- _What the task requires_
Keep the images out while you set down the data exactly.

- _Input data_
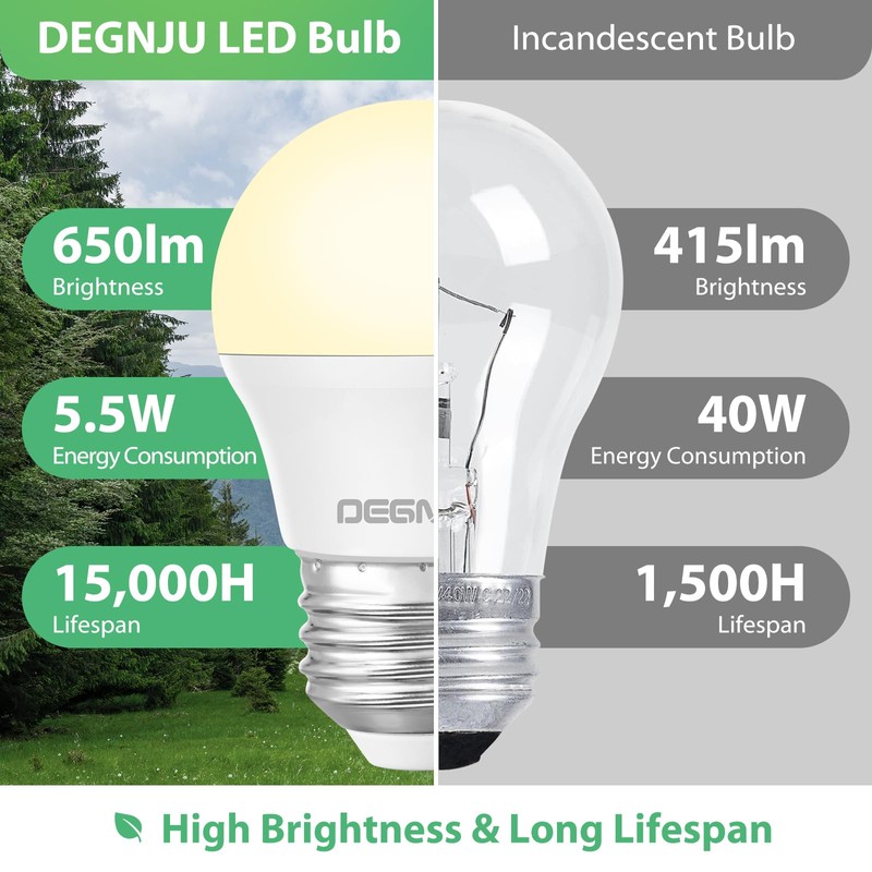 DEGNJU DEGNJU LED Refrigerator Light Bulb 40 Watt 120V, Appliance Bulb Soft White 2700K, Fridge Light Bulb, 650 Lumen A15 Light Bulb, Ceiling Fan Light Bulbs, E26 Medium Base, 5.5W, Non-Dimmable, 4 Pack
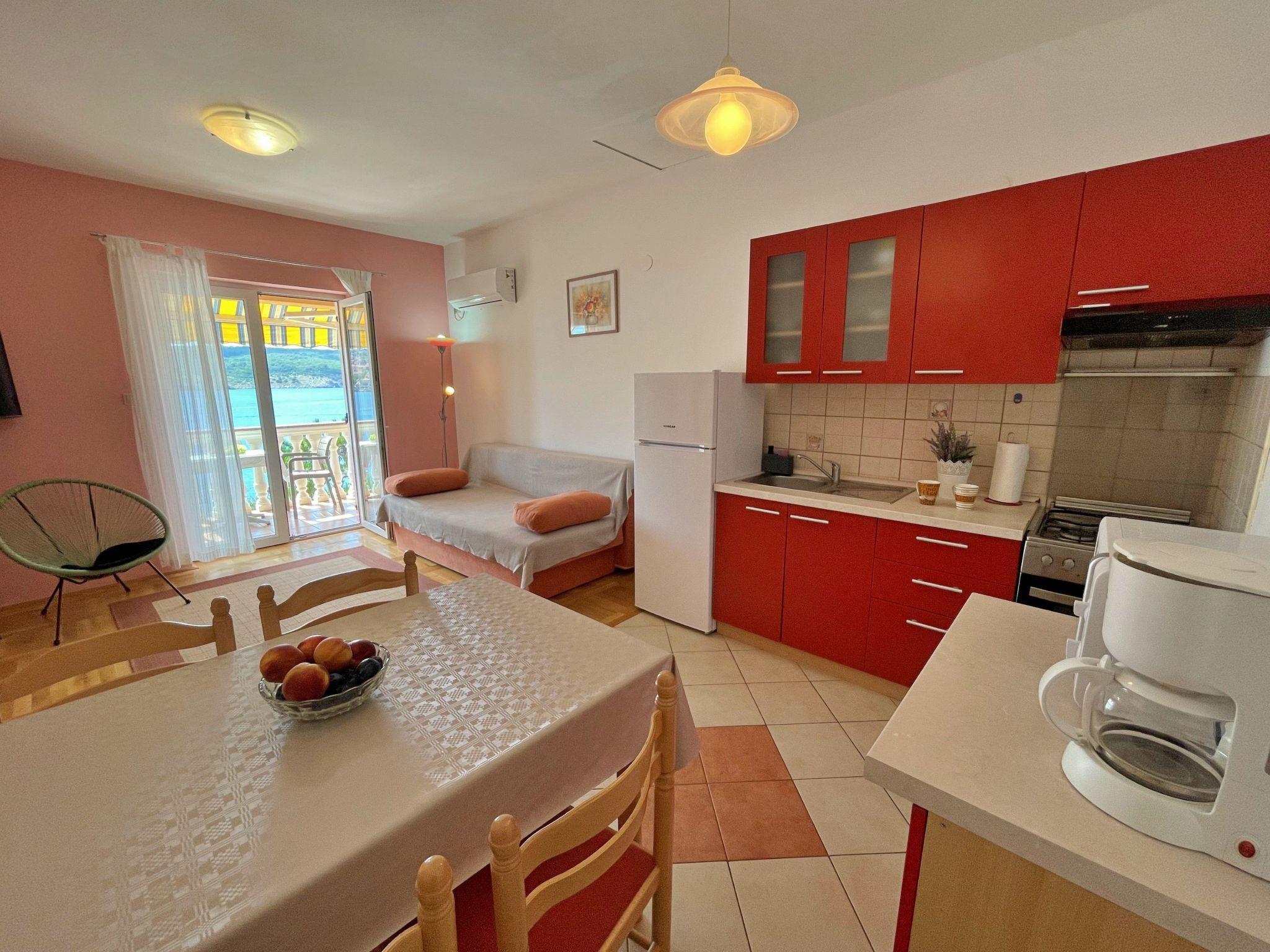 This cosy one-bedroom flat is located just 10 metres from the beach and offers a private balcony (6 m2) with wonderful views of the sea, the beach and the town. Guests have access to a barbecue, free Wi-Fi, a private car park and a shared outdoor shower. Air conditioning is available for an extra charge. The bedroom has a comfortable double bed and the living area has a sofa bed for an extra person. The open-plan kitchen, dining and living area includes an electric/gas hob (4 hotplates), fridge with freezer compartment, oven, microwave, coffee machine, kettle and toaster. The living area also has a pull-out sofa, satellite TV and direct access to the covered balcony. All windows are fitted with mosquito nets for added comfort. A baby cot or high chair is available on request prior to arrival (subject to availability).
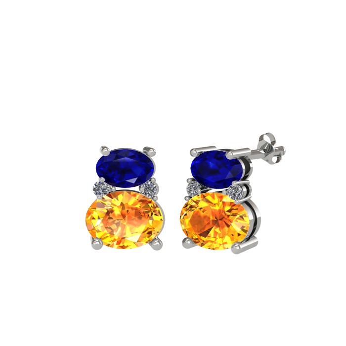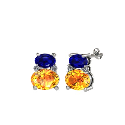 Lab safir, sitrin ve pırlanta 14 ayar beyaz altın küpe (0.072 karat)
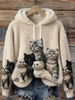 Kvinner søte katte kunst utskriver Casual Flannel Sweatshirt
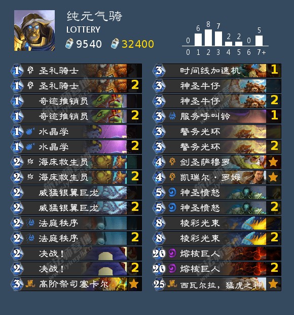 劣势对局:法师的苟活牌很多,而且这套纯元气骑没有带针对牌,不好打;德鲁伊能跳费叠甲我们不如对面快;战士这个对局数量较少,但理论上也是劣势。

- _Response_
 DEGNJU DEGNJU LED Refrigerator Light Bulb 40 Watt 120V, Appliance Bulb Soft White 2700K, Fridge Light Bulb, 650 Lumen A15 Light Bulb, Ceiling Fan Light Bulbs, E26 Medium Base, 5.5W, Non-Dimmable, 4 Pack
 This cosy one-bedroom flat is located just 10 metres from the beach and offers a private balcony (6 m2) with wonderful views of the sea, the beach and the town. Guests have access to a barbecue, free Wi-Fi, a private car park and a shared outdoor shower. Air conditioning is available for an extra charge. The bedroom has a comfortable double bed and the living area has a sofa bed for an extra person. The open-plan kitchen, dining and living area includes an electric/gas hob (4 hotplates), fridge with freezer compartment, oven, microwave, coffee machine, kettle and toaster. The living area also has a pull-out sofa, satellite TV and direct access to the covered balcony. All windows are fitted with mosquito nets for added comfort. A baby cot or high chair is available on request prior to arrival (subject to availability).
 Lab safir, sitrin ve pırlanta 14 ayar beyaz altın küpe (0.072 karat)
 Kvinner søte katte kunst utskriver Casual Flannel Sweatshirt
 劣势对局:法师的苟活牌很多,而且这套纯元气骑没有带针对牌,不好打;德鲁伊能跳费叠甲我们不如对面快;战士这个对局数量较少,但理论上也是劣势。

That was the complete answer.